Le Mercredi 24 février 2010
Le 17 février, Pierre Fleuriot, président du Crédit suisse de France, Olivier Poupart-Lafarge et Jean-Pierre Hellebuyck, membres du collège de l’Autorité des marchés financiers (AMF) et respectivement ancien directeur général délégué de Bouygues et vice-président d’Axa IM, ont remis à Christine Lagarde leur rapport sur la révision de la directive Marchés d’instruments financiers1 (MIF).

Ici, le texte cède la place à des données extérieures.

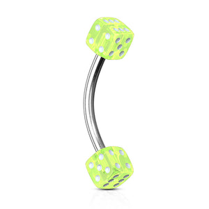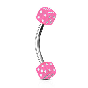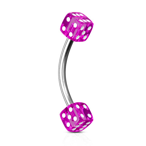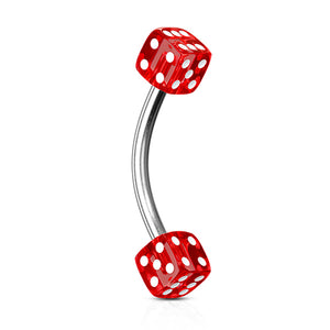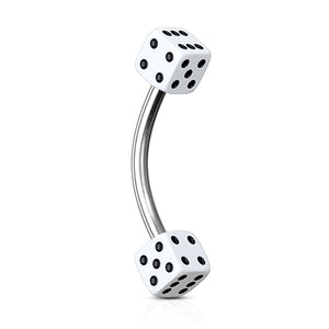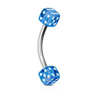 The 16 gauge curved barbell is made from 316L stainless steel with external threading. Both 4x4mm acrylic dice are removable. Choose your color below.
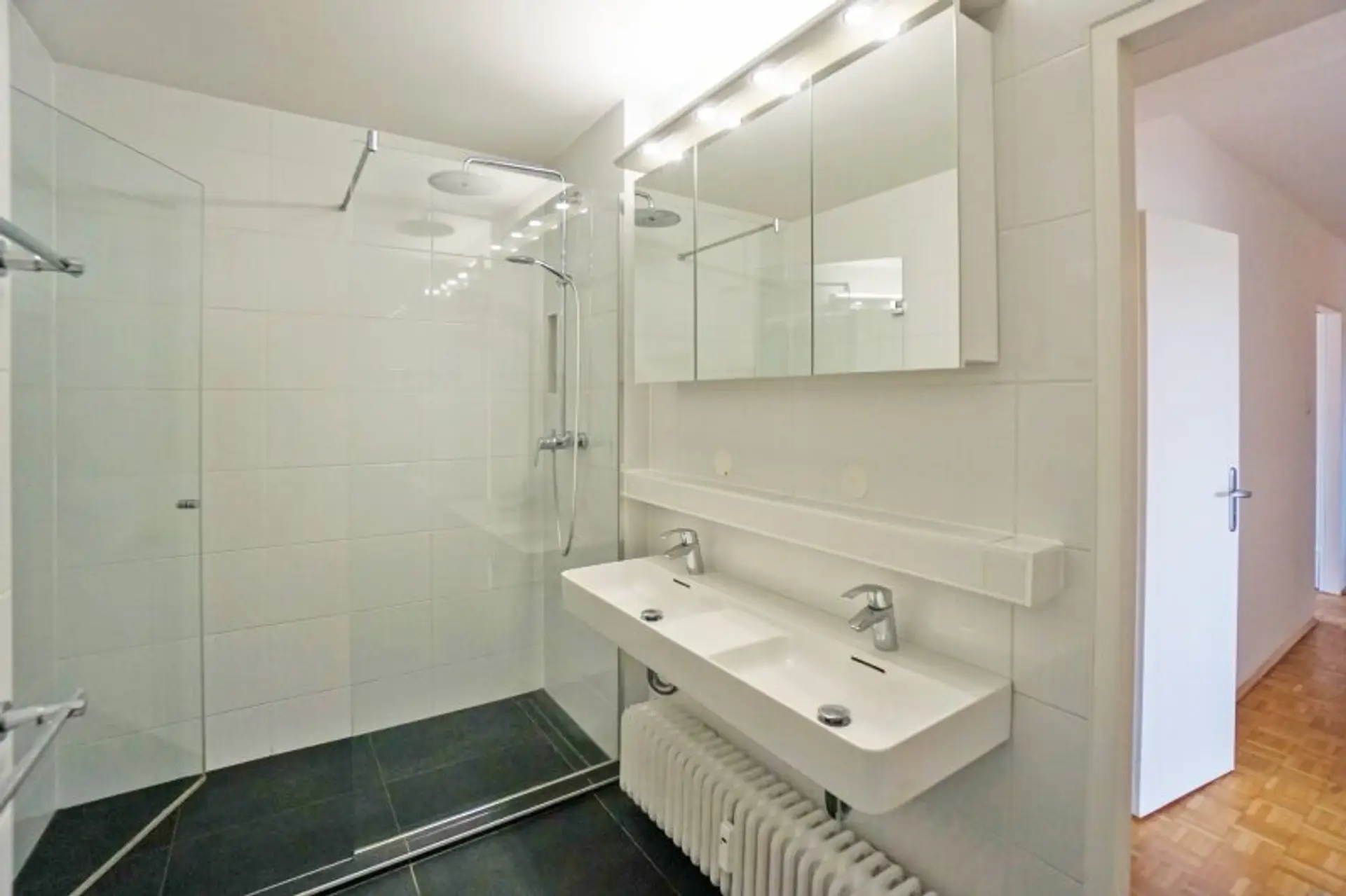 Die Beheizung der Wohnung erfolgt mittels einer Gas-Zentralheizung. In sämtlichen Wohnräumen sind Parkettböden und in der Küche Vinylboden verlegt, die Nassräume sind verfliest. Zur Wohnung gehört auch ein etwa drei m² großes Kellerabteil. Allen Bewohnern des Hauses stehen ein Fahrrad- und Kinderwagenabstellraum, der sehr gepflegte Allgemeingarten mit Holzbänken und -tischen, ein attraktiver Hobby- Gemeinschaftsraum und ein großzügiger Spielplatz zur Verfügung. Eine allgemeine Waschküche liegt nur einige Stockwerke tiefer in Haus 1.

La directive MIF définit l’organisation des marchés actions en supprimant la concentration des ordres en un lieu unique, en promouvant la concurrence entre plateformes de négociation et en édictant de nouvelles règles en matière de transparence pré et post-négociation. Son application depuis un peu plus de deux ans a entraîné « une multiplication de systèmes multilatéraux de négociation1 » (24 aujourd’hui), « une baisse des prix de transaction », « l’émergence de plateformes paneuropéennes offrant la possibilité d’acheter et de vendre des titres admis à la négociation dans l’ensemble des Etats membres, ce qui n’était pas le cas auparavant ». En outre, soulignent les auteurs du rapport, « ces nouvelles plateformes ont favorisé la création de nouvelles chambres de compensation accélérant la baisse déjà entamée des coûts sur le segment de la compensation ». En revanche, « l’effet de la nouvelle réglementation sur la liquidité des marchés est difficile à déterminer en raison des impacts de la crise financière et des évolutions intervenues au cours de la même période, au premier rang desquelles l’innovation technologique ».
Manque de transparence
Ce qui est certain, pour les rapporteurs, c’est que « les coûts supplémentaires d’accès à l’information et surtout la mauvaise qualité des données post-négociation constituent un véritable échec de la directive ». Les émetteurs ont en effet des difficultés à suivre les mouvements affectant la vie de leurs titres et les investisseurs finaux n’ont pas constaté de réelle baisse des prix unitaires sur la négociation et la compensation, expliquent-ils. « La qualité de l’information disponible, tant pour le marché que pour les émetteurs et régulateurs, n’a pas suivi l’évolution des marchés impactés par la directive », affirment-ils, proposant de « revoir précisément les modalités d’information tant des intervenants de marché que des régulateurs ». La transparence doit être renforcée « surtout au niveau post-négociation, par la mise en place d’un système d’information en continu sur les transactions ».
Régulateur européen
Ensuite, « un grand marché européen intégré appelle une autorité centrale de régulation disposant de véritables pouvoirs », considèrent les rapporteurs, qui souhaitent « renforcer les pouvoirs d’intervention et les prérogatives de l’Autorité européenne des marchés de titres (Esma) afin de bien s’assurer que les règles soient interprétées et appliquées de manière homogène et de permettre à la concurrence de s’exercer dans un cadre équitable ».
Harmoniser le post-marché
Enfin, parallèlement à la révision de la directive MIF, ils appellent à une « harmonisation du post-marché (opérations de compensation et règlement-livraison) au niveau européen ». Parmi les pistes avancées apparaissent l’idée d’un « accès à la monnaie centrale comme critère discriminant pour évaluer la sécurité des chambres de compensation, afin de limiter les risques systémiques » et celle d’une « harmonisation complète des contraintes réglementaires et des normes techniques afin de faciliter une intégration européenne de la compensation ».
C.D.
(1) Adoptée le 21 avril 2004 et entrée en vigueur le 1er novembre 2007.
(2) Multilateral trading facilities : MTF.
Faire accéder les PME au marché financier
Les rapporteurs demandent que soient mises en place des « solutions spécifiques pour les PME afin de leur faciliter l’accès au marché financier européen ». Ce sujet, reconnaissent-ils, « a vocation à faire l’objet d’analyses spécifiques car il touche beaucoup de domaines, parmi lesquels l’allégement des contraintes portant sur l’admission à la négociation et le contenu du prospectus, l’adaptation des normes comptables applicables aux PME en retenant un principe de proportionnalité, la promotion de véhicules d’investissement spécifiques destinés aux PME ainsi que la création de plates-formes paneuropéennes spécialisées sur la négociation des titres de PME pour en concentrer la liquidité ».
Ils estiment que « la mission confiée par le ministre de l’économie, de l’industrie et de l’emploi a confié à Fabrice Demarigny en vue de proposer un “Small Business Act boursier” pour l’Europe, dont les conclusions sont attendues pour la fin du mois de février, constituera une contribution importante à ce débat européen ».